Monday, 17 March 2014

The Crimean Crisis: Implications for Political Science

A guest post on the Crimean crisis from Prof Peter Rutland, who is currently visiting the department from Wesleyan University.

The Russian invasion of Crimea blindsided international observers. Just the week before US Congressional leaders received a briefing from the Director of National Intelligence in which they were assured that Russian military action was unlikely. The British understanding was no better. Sir Tony Brenton, British ambassador to Russia 2004-08, wrote in the Financial Times on February 24 that the idea of a Russian military response was a ‘dark fantasy’.

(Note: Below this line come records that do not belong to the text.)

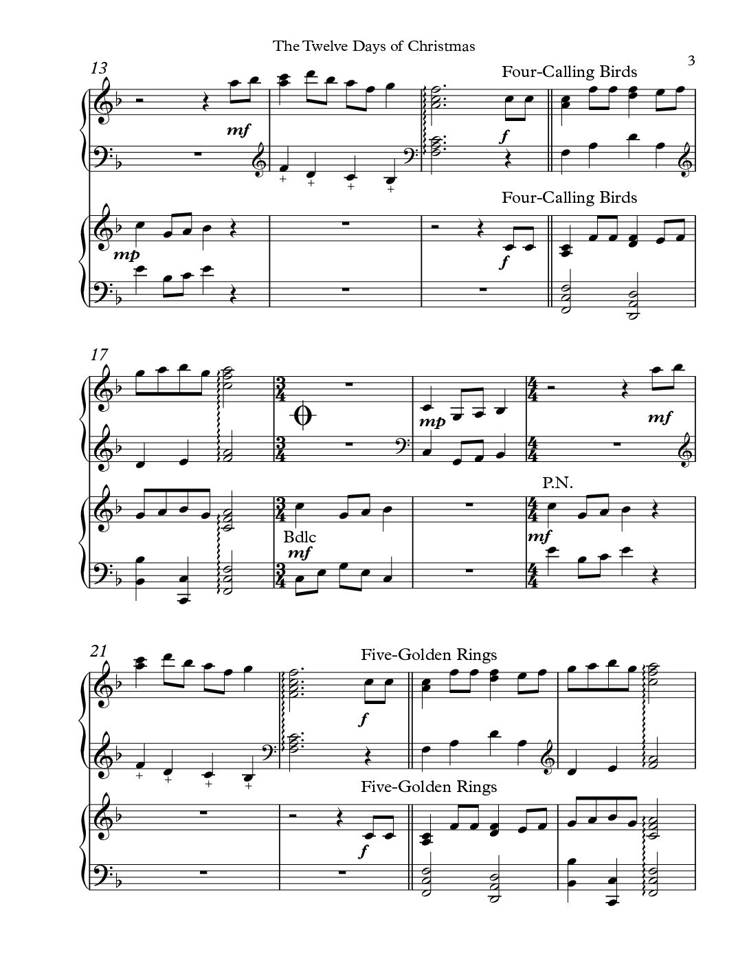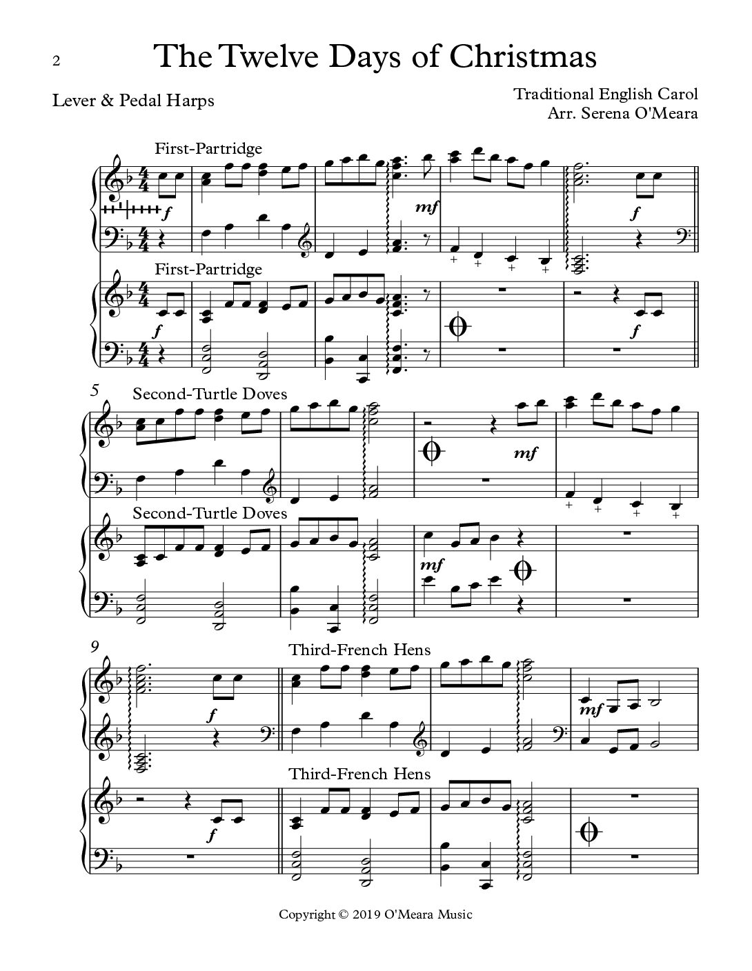 Energy abounds in this holiday favorite. To demonstrate sound effects on the harp, included are harmonics, glissandos, sons xylo, etouffee, PDLT, BDLC, and knocking. Dynamics are clearly marked. Be aware of clef and speed changes. Lever/pedal changes clearly marked in Harp I. You will receive the Score, Harp I, Harp II and a beginner’s melody part with all the lyrics, 30 pages.
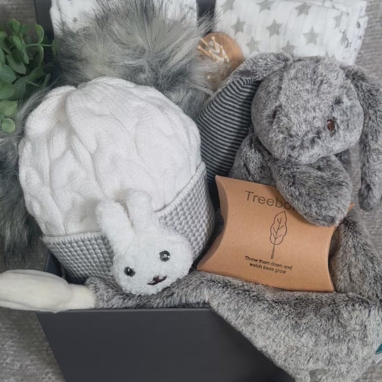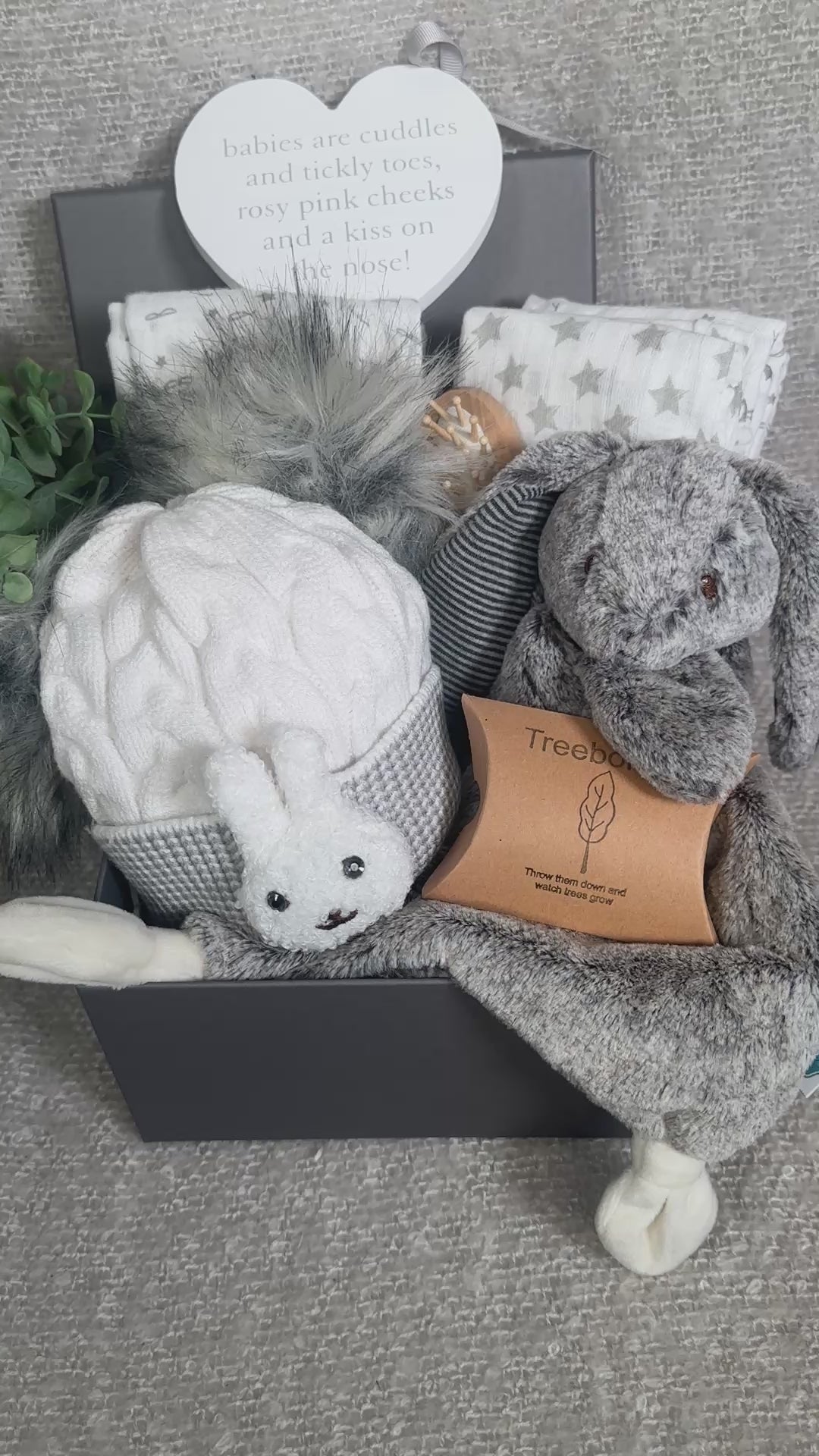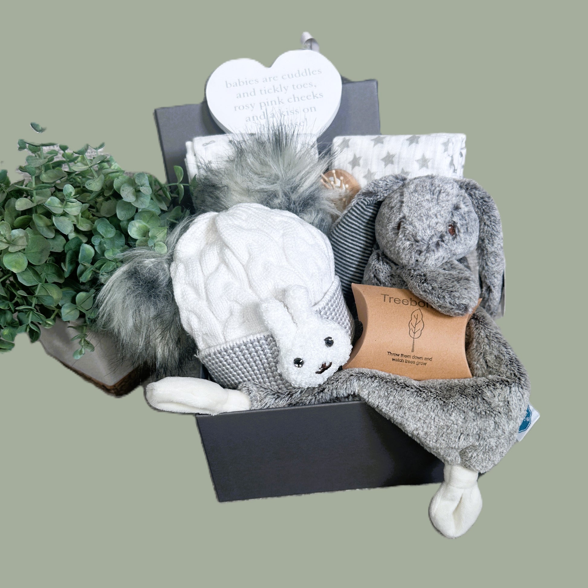 Unisex New Baby Gift "Bunny Cuddles" Baby Essentials Box, Grey And White
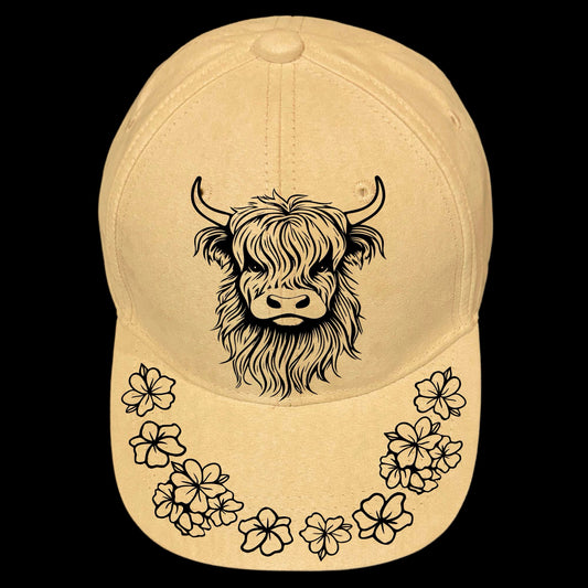 Cute Highland Cow Baseball Cap Hat Burning Design SVG PNG

It is not just spies and diplomats, but also scholars, who are scrambling for answers. Putin's efforts to derail Ukraine's integration with the European Union directly contradict liberal institutionalists who argue that globalization has made the nation state redundant. Cue complaints that Putin is living in a ‘19th century time warp’. Make that 18th century, since Catherine the Great seized Crimea in 1783 (and that is why she is called 'Great').

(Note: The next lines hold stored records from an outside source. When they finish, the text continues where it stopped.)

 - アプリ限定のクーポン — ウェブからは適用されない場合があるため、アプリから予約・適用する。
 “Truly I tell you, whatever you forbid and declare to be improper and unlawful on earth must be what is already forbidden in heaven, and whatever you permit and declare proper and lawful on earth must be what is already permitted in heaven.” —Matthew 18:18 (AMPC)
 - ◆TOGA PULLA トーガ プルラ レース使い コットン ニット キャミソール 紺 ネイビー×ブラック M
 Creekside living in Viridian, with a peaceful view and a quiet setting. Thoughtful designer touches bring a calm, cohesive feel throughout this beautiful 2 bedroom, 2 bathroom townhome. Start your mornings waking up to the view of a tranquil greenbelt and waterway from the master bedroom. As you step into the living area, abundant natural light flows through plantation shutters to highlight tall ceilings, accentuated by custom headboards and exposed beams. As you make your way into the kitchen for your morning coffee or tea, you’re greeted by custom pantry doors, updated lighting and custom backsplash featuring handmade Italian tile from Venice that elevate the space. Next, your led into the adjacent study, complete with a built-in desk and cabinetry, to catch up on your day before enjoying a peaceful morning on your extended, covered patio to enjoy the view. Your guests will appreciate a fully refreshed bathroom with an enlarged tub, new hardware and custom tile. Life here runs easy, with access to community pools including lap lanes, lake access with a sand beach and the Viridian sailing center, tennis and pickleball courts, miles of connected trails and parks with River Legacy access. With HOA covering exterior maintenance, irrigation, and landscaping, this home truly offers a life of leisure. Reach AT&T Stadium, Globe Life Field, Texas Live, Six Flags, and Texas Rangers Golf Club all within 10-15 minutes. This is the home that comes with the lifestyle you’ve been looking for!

But Realists are also left with egg on their face, since as I discuss in this article, it is hard to argue that invading Crimea is beneficial to Russia's national interests.

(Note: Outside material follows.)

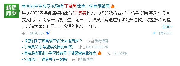 在5月24日丁錦昊“到此一游”事件曝光后,輿論引起軒然大波。至5月25日晚11點(diǎn),評論已達(dá)11000多條,轉(zhuǎn)發(fā)達(dá)到83000多條,網(wǎng)上的相關(guān)評論則達(dá)數(shù)十萬條,而主題詞就是中國游客的“素質(zhì)”。在譴責(zé)這種不文明行為的同時(shí),也有網(wǎng)友“人肉”出,丁錦昊是南京某中學(xué)在讀的初一學(xué)生等個(gè)人信息。而網(wǎng)友對于丁錦輝的聲討更是一浪高過一浪。 5月25日,丁錦昊的父母主動(dòng)站出來發(fā)聲,在為孩子的行為道歉的同時(shí),也懇請得到改正的機(jī)會(huì),并透露,題字風(fēng)波發(fā)酵后,孩子哭了一整夜。至此,丁錦昊“到此一游”事件算是暫時(shí)告一段亂。
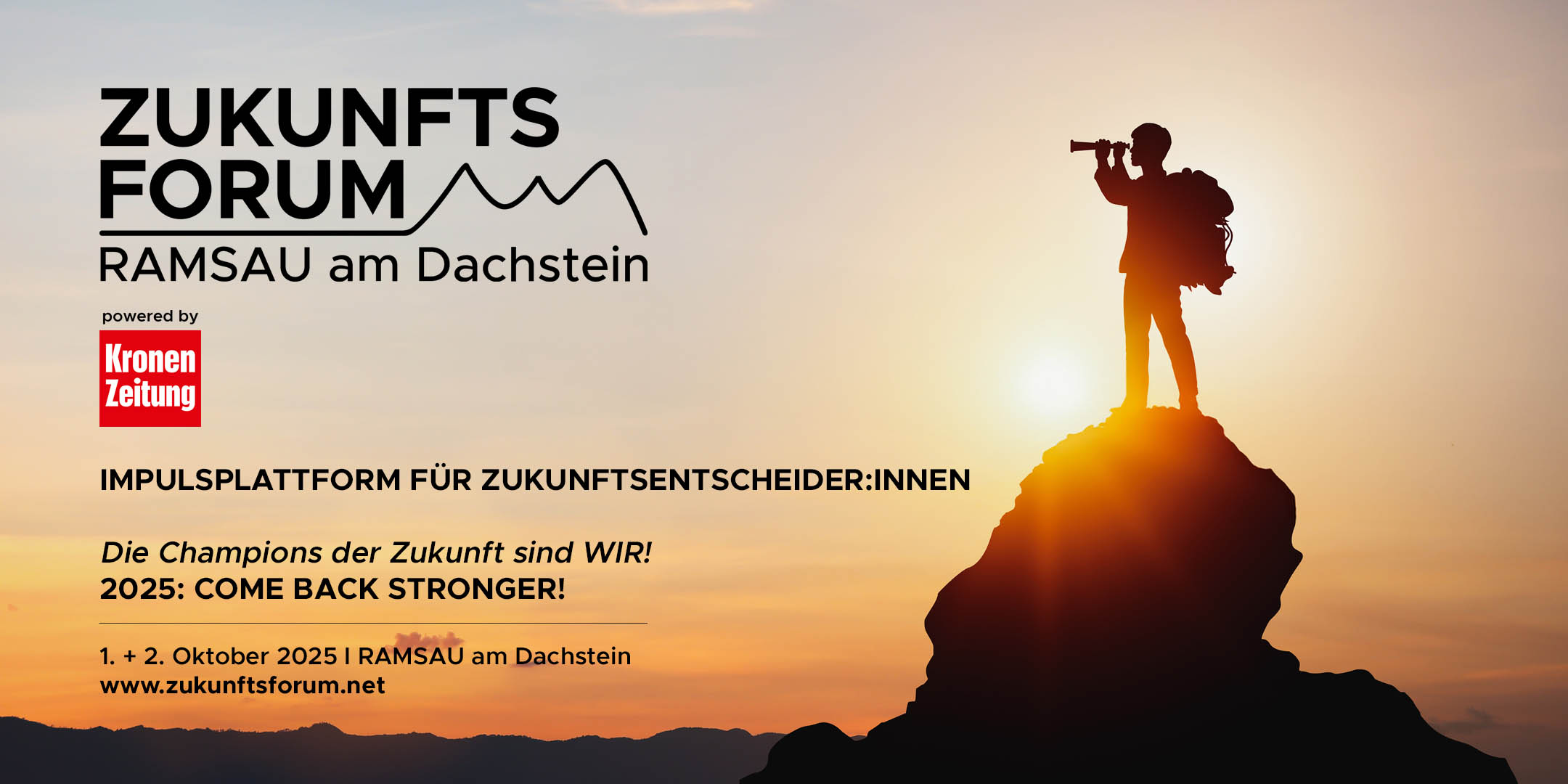 "Die Champions der Zukunft sind WIR - COME BACK STRONGER!" unter diesem Forummotto fand 2025 das Zukunftsforum Ramsau am Dachstein zum zweiten Mal statt. Unsere Vision ist es in Österreich eine Unternehmenskultur zu schaffen, wo rund um die Zukunftsthemen die Chancen im Mittelpunkt stehen. Megatrends wie Digitalisierung, Sustainability und Co sind für Unternehmen wichtiger denn je. Diese Themen richtig und frühzeitig zu implementieren wird möglicherweise zum Gamechanger für viele Branchen und Marken. Mit dem Ziel eine Plattform zu schaffen, die wichtige Impulse für die Zukunftsgestaltung gibt, wollen wir das Zukunftsforum Ramsau zu einem nachhaltigen Treffpunkt von Zukunftsentscheider:innen etablieren. Dabei spielt auch der Sport eine bedeutende Rolle - er bietet mit seinen Heldengeschichten nicht nur spannende Impulse für die Wirtschaft - er ist darüber hinaus auch in der Breite ein wichtiger Enabler für eine gesunde, gesellschaftliche Entwicklung.

So one is left I guess with psychological explanations, of Putin as a wounded and frustrated soul. More promising perhaps is a bureaucratic politics approach, unpacking the decision making of Russian elites, in the tradition of Jack Snyder's work on the origins of World War One, Myths of Empire. Putin's waning popularity at home left him vulnerable to a push by the security elites (siloviki) to increase their influence at the expense of the market liberals (who still control some key economic policy-making institutions).